Wer den Weg aber als jemand sucht, der ermüdet und deswegen irgendwann mal innehalten muss, um sich auszuruhen, wird während dieser Ruhepause seinen Verstand „von der Leine lassen“ und dann wahrscheinlich feststellen, dass statt Richtung R(1) eine etwas andere Richtung R(2) die wahrscheinlichere ist (z.B. deswegen, weil man sich plötzlich bewusst wird, dass die bisherige Richtung, aus diesem oder jenem Grund, an den man zunächst gar nicht gedacht hatte oder der erst jetzt bemerkbar wird, nicht wirklich richtig sein kann). Mehrfache Korrekturen solcher Art führen uns dann i.A. wirklich hin zum gesuchten Ort.
Meine Konsequenz daraus:
Die Tatsache, dass der Mensch unweigerlich ermüdet, mag ein Grund dafür sein, dass er kreativ ist, also Dinge findet, die er niemals finden würde, wenn er ermüdungsfrei wäre und so seinen Geist auch niemals „von der Leine lassen“ würde.

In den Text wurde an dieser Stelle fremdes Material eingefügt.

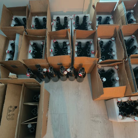Patenttikorkilla varustettuja ruskeita pulloja esim. Oluelle ja siiderille. 38 kpl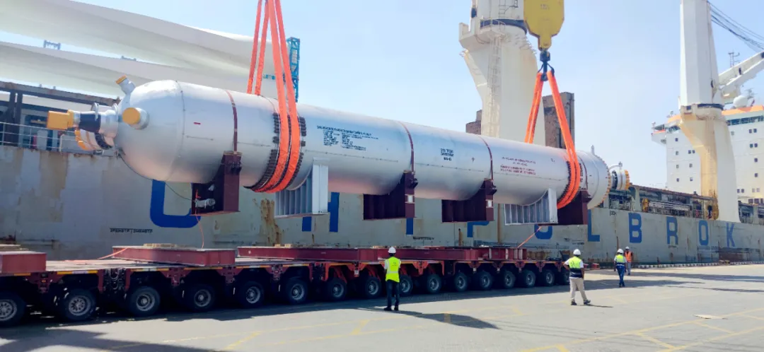 近日,中国化学所属中国五环工程有限公司承建的埃及NCIC三期化肥项目迎来新进展,首件关键设备——氨合成塔顺利运抵现场,该设备也是本项目中最重的单体设备。

Wer jetzt denkt „Hurra, da brauch‘ ich mich bloß ein bisschen auf die faule Haut zu legen und schon wird alles gut“, den muss ich enttäuschen:
Es gibt Aufgaben, z.B. Rechenaufgaben bestimmter Art, die sind so schematisch und dennoch so komplex, dass sie sich wirklich nur mit engelsgleicher Geduld lösen lassen und unter unbeirrbarem Festhalten am einmal gewählten Weg (ich denke da z.B. an Störungsrechnung in der Physik).
Solche Rechnungen aber lösen wir i.A. dadurch, dass wir ein Programm schreiben, das uns gestattet, sie einem Computer zu überlassen — immer vorausgesetzt, wir halten vorher inne, um so zu erkennen, dass dieser Weg der bessere ist.
Dass Leute zu wenig innehalten und deswegen stur wie ein Ochs die Ackerfurche entlang gehen, ist gar nicht so selten. Wenig erfahrene Software-Tester etwa, so meine Beobachtung, werden oft nicht müde, ein und dieselben komplizierten, sterbenslangweiligen Eingaben immer wieder im Dialog zu machen, ohne sich Rechenschaft darüber zu geben, dass den Test zu automatisieren, viel besser wäre (und ihn zudem noch nachvollziehbar machen würde).
Auch das ist ein Beispiel dafür, dass „den Verstand von der Leine zu lassen“ oft effektiver ist, als wild „an der Leine zu zerren“, an der man selbst oder andere ihn zu führen suchen.
Beitrag zuletzt bearbeitet von Grtgrt am 26.08.2012 um 23:18 Uhr.